The parental controls on bodily hair were relaxed in high school and college. But, that didn't necessarily mean things got any better. I had begun to shave. There was always a cut somewhere on my face. And, following the pattern of friends, I let my hair grow longer. I look at some photos from college and it looks dirty. To this day, I refuse to look at my college yearbook graduation photo. My hair is a mess. I apparently tried to comb it in front of an electric fan.
But, as my tour through Photo Album Land was about to show, I would be soon entering my second era of "appearance mode." And hair style.
Instead of parting my hair on the side, I would be radically and part it....gasp....in the middle.
But, that was not all.
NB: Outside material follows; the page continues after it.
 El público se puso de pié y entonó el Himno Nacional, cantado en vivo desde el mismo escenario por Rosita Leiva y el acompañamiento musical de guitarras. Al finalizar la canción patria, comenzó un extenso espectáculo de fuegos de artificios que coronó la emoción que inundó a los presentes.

Nope, the piece de resistance of Len's image would be...
A moustache.
Now, there are many of my Los Angeles friends who will have no knowledge of this. Good pals that I have met in the past fifteen years who know me only with an unadorned upper lip. For those of you, please hold on to your loved ones as you scroll down to meet...the moustached Len.
Gasp.
Truth be told, I love this photo. It's probably me at my edgiest. As I examine it, I can remember every moment of this day.
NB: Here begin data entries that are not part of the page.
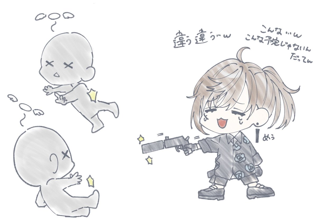 これは華麗にターゲットのみを仕留めたエージェント叶とどうしても大量に葬ってしまうキルマシーン叶 #かな絵
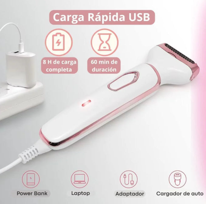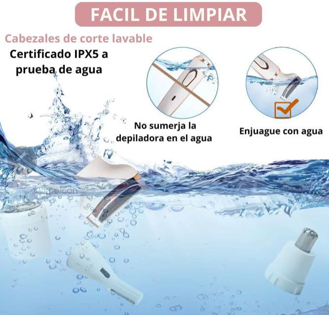 La Depiladora Facial y Corporal 4 en 1 elimina el vello sin dolor, de manera rápida y sin causar irritaciones, cuidando la piel mientras logra un resultado limpio y natural.
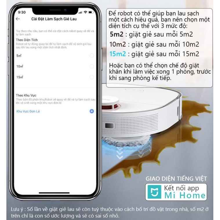 - Tự động trở về Dock sạc để làm sạch khăn lau
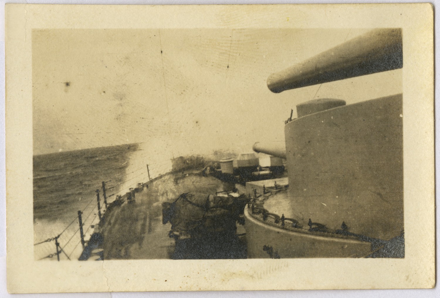 Ocean Spray across the bow of the USS Louisiana

For several years in the early 90s, my college best friend and I would make an annual summer road trip to see the Mets play the Cubs in Chicago's Wrigley Field. The temperature on this day had topped 100 degrees. I had already ditched the hair parting down the middle and was regularly getting clipped by a guy in Pelham, New York named Billy Shears. Yes, Billy Shears. Don't ask. He did a pretty good job, but, on this day, the humidity had done its damage. My hair had stood up for the seventh inning stretch and never sat down.
But, still, I like the way I look in this photo. My appearance captures perfectly where I was and what I was doing in my life at this time.
Flipping through some more pages of the Moustache Era, there were days and photos that were less perfect. Indeed, I had grown the foliage on the upper lip to look older. Some time around 1994, I shaved it off.
To look younger.
But, as the albums showed me, the moustache lasted much, much longer than I had remembered. I must have been comfortable with it because it endured for many years. Over a decade.
You'll see some of those photos as I find reasons to incorporate them on subsequent Sundays. There are pictures that I look good in. There are others that are straight from the Cabinet of Dr. Caligari. But, from the Hair Down the Middle Era which was also part of the Moustache Era, this is one photo which I like a lot. Taken with my good friend, Djinn from the Bronx, during one of my first visits to California.
Damn, it was all working for me on that day. But, in my life, that's the equivalent of Halley's Comet.
But, as I close out the Len Eras of Appearance Past, I make one last note about good and bad hair days.
In 2013, I still have most of it. I look around at some friends and...well...they don't.
Dinner last night: Eggplant parmagiana at Mio Babbo.
1 comment:
my hair and I have parted ways long time ago. maybe I should have used Jervis in the early days to preserve my hair like you did.lol.